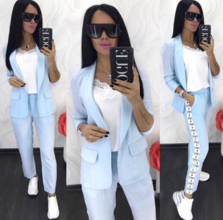 Костюмчик дамский Лира(ТК.Тиси), васильковый/т.синий.
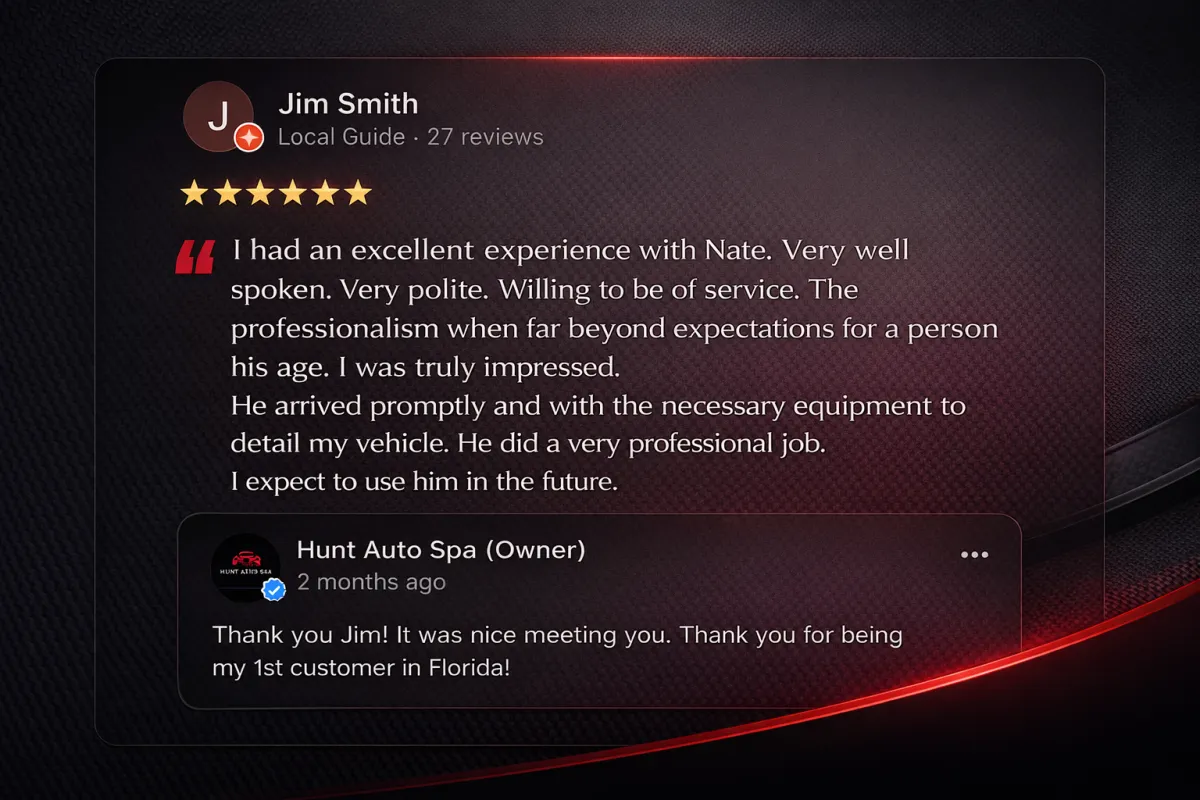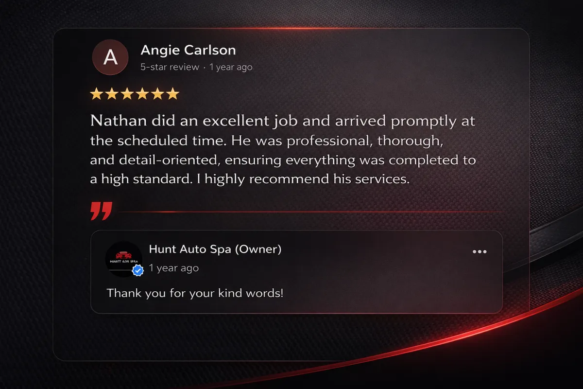 Our hours of operation are Monday through Saturday from 8:00 AM to 6:00 PM. During these hours, we offer full detailing services and customer support. We are closed on Sundays to allow our team to rest and recharge. If you need to schedule outside normal hours, feel free to reach out and we’ll do our best to accommodate.
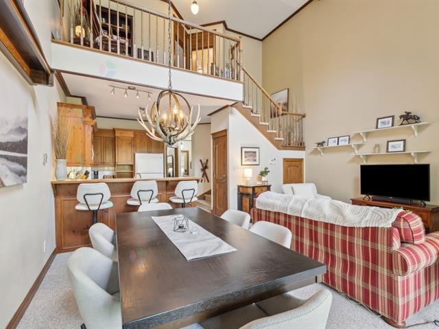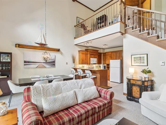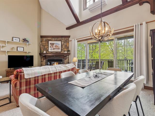 The ideal location for your stay in Tremblant! Located in the prestigious Le Géant Golf Course area, just 1 km from the resort, this beautiful fully furnished and equipped condo offers the perfect setting for an unforgettable vacation. Enjoy a private and intimate balcony, along with 2 bedrooms and 2 bathrooms (1137 sq. ft.) spread over 2 floors. This spacious condo combines comfort and elegance with its little luxuries: cathedral ceilings, wood-burning fireplace, large balcony, and ample visitor parking. On-site amenities: 3 outdoor pools and a spa, playground, multisport trail nearby, free shuttle service. (55069320)
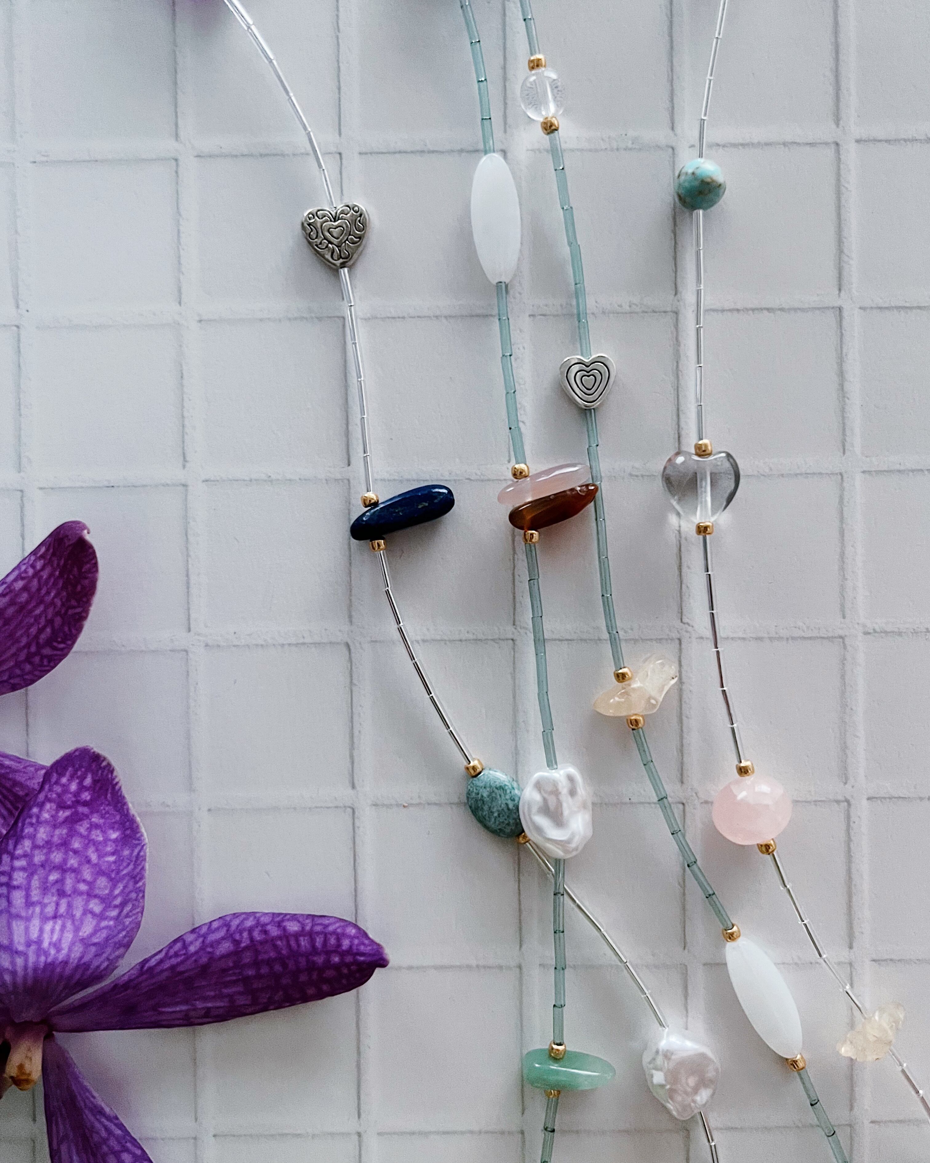 カラフルなビーズと天然石で仕上げたネックレスです❤︎

HOW TO COMPLETE THIS TASK: An exact copy of the listing is required, with every image removed.

ANSWER TO THE PROBLEM:
 Костюмчик дамский Лира(ТК.Тиси), васильковый/т.синий.
 Our hours of operation are Monday through Saturday from 8:00 AM to 6:00 PM. During these hours, we offer full detailing services and customer support. We are closed on Sundays to allow our team to rest and recharge. If you need to schedule outside normal hours, feel free to reach out and we’ll do our best to accommodate.
 The ideal location for your stay in Tremblant! Located in the prestigious Le Géant Golf Course area, just 1 km from the resort, this beautiful fully furnished and equipped condo offers the perfect setting for an unforgettable vacation. Enjoy a private and intimate balcony, along with 2 bedrooms and 2 bathrooms (1137 sq. ft.) spread over 2 floors. This spacious condo combines comfort and elegance with its little luxuries: cathedral ceilings, wood-burning fireplace, large balcony, and ample visitor parking. On-site amenities: 3 outdoor pools and a spa, playground, multisport trail nearby, free shuttle service. (55069320)
 カラフルなビーズと天然石で仕上げたネックレスです❤︎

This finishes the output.